Instantaneous and mean nitric oxide (NO) concentrations are measured in a turbulent, lifted, n-heptane jet spray flame at an atmospheric pressure using planar laser-induced fluorescence (PLIF). The flame-front is simultaneously located using OH-PLIF. The NO excitation line with the least temperature-quenching dependence is selected, and the associated NO-LIF dependence is corrected. LIF optimization and data reduction are based on previous work [Mulla et al. Combust. Flame 203 (2019) 217–229] where the NO-LIF signal was simulated at the spray flame condition (temperature and gas composition from LES) using a spectroscopic model. In the present work, to reduce interferences from polycyclic aromatic hydrocarbons (PAH) and soot, the detection bandwidth is progressively reduced from broadband (F6), intermediate (F3), to narrowband (F1). F6 results in a significant interference, while F1 contains the least interference. Instantaneous NO mole fraction (χNO) is deduced from F1 dataset using a novel instant-wise mapped interference subtraction approach (F1-Inst). The conditional mean NO concentrations derived from F6, F3, F1, and F1-Inst are in agreement (within uncertainty limits); however, F1-Inst appears to be the most reliable. Instantaneous flame-structure (OH) and NO concentration fields are analyzed. The spray flame structure consists of the inner (B1) and outer (B2) flame branches. Local extinctions are observed along B1. Small-scale (<1 mm) extinctions do not alter the NO concentration, whereas large-scale extinctions result in a sharp (50–100%) χNO drop, possibly due to a reduced temperature. Instantaneous χNO along B2 shows a sharp growth until 55 mm height above burner (HAB), beyond which the growth saturates.
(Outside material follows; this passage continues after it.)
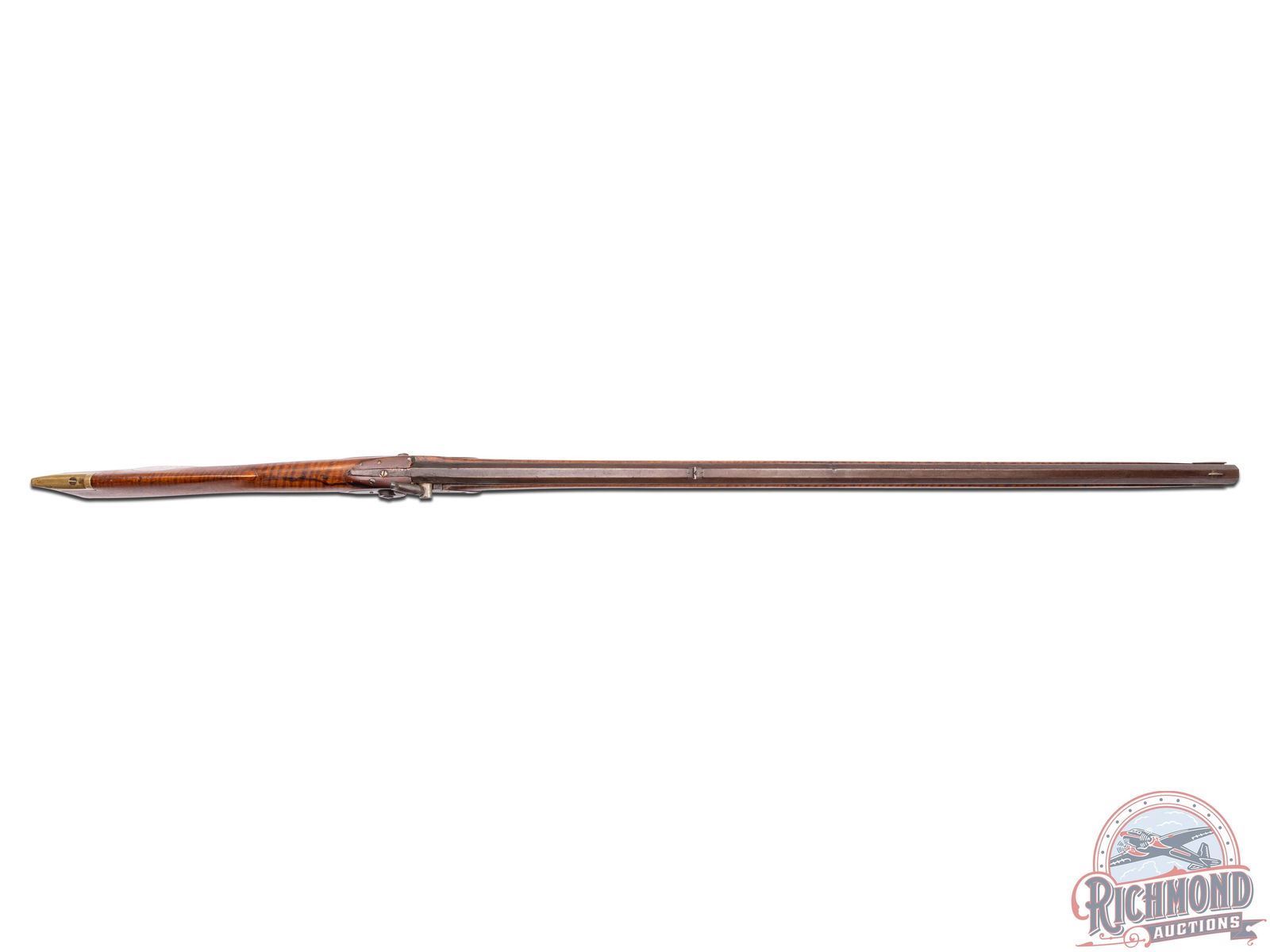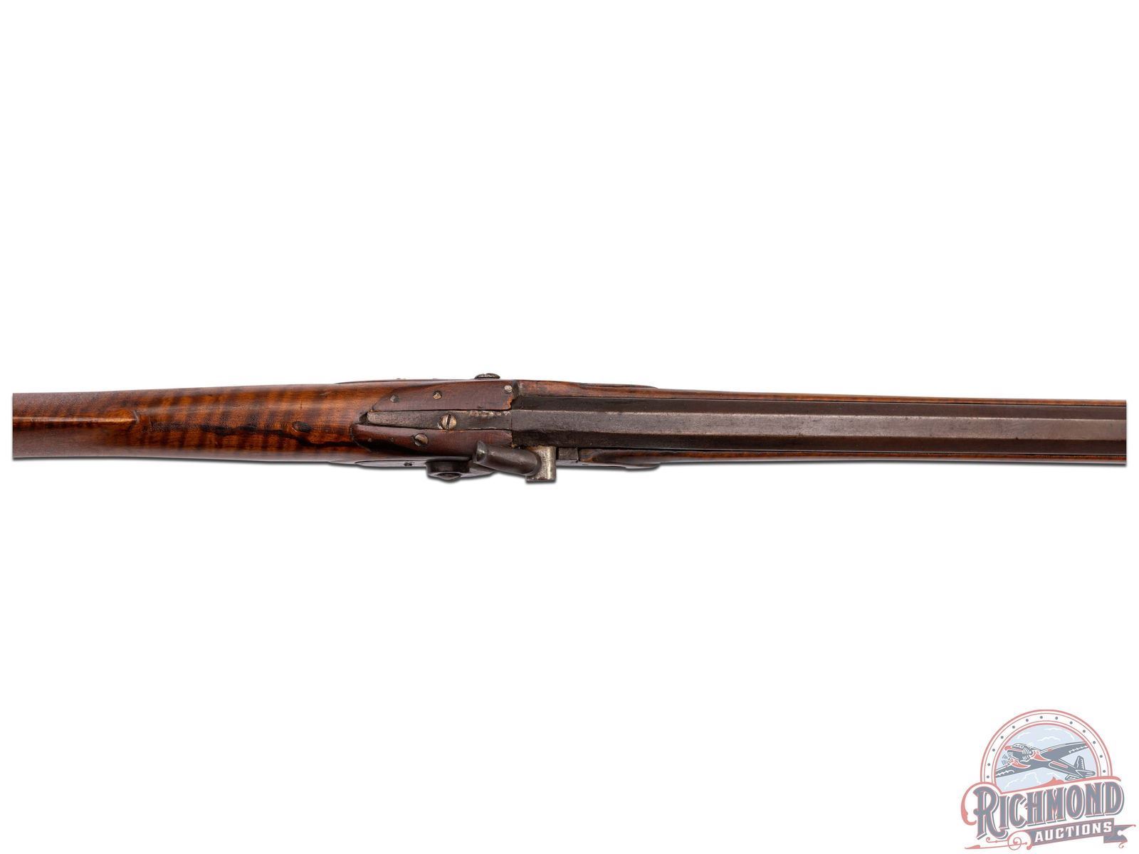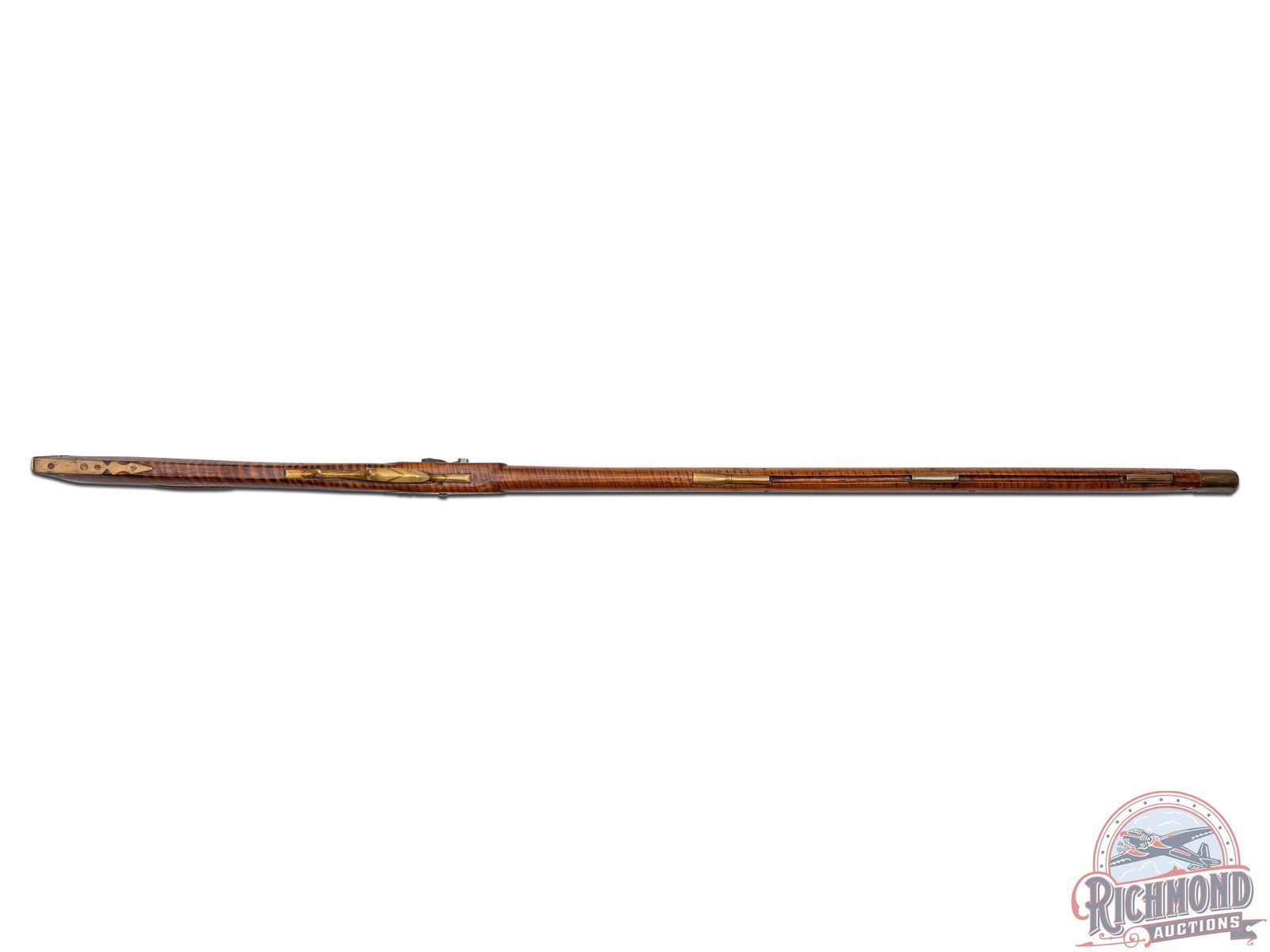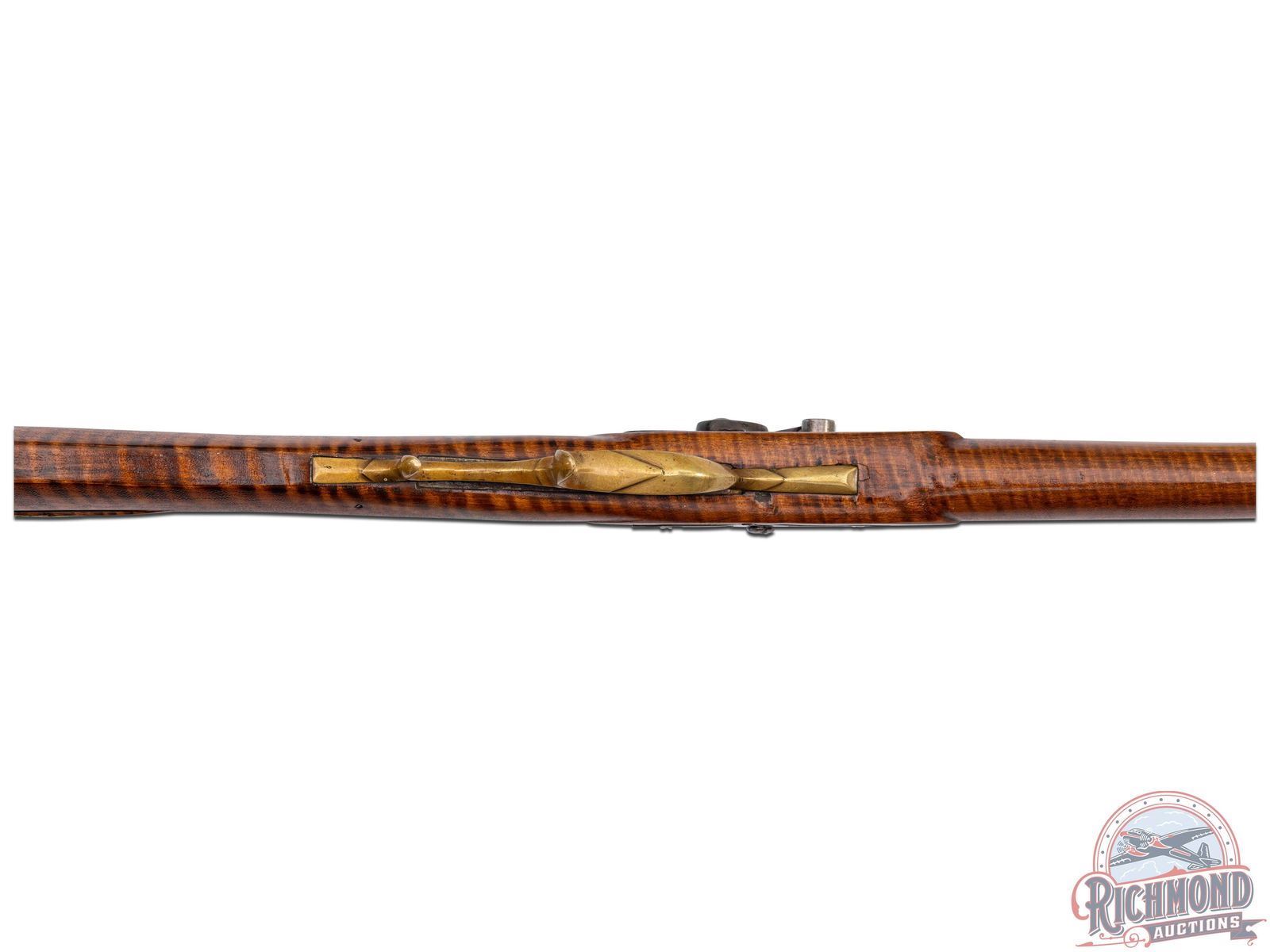 Percussion Kentucky rifle from unknown region and unknown maker, circa 1840, and was found in Somerset, Pennsylvania. Rifle measures 50" overall with 34-3/4" unmarked octagon 38 caliber rifled barrel with rifle sights. Commercial percussion lock held with pierced brass sideplate with double set trigger control. Full curly maple stock with brass hardware and a nicely engraved bird oval coin silver cheek inlay. Rifle is missing ramrod. CALIBER: 38. FFL STATUS: Antique.

The deceleration of NO growth and χNO reduction near the sooting region is most likely due to the soot-radiation induced temperature drop. Mean χNO along B1 measures ∼ 25 ppm with a small axial variation (20–30 ppm). Expected lower temperature and nearly constant χNO with residence time suggest the nitrous oxide and prompt NO formations routes. Mean χNO in the outer diffusion branch (B2) increases from 35 ppm at the flame-base to 75 ppm at 60 mm HAB. The NO growth and potentially high temperature in B2 indicate the thermal route of NO formation.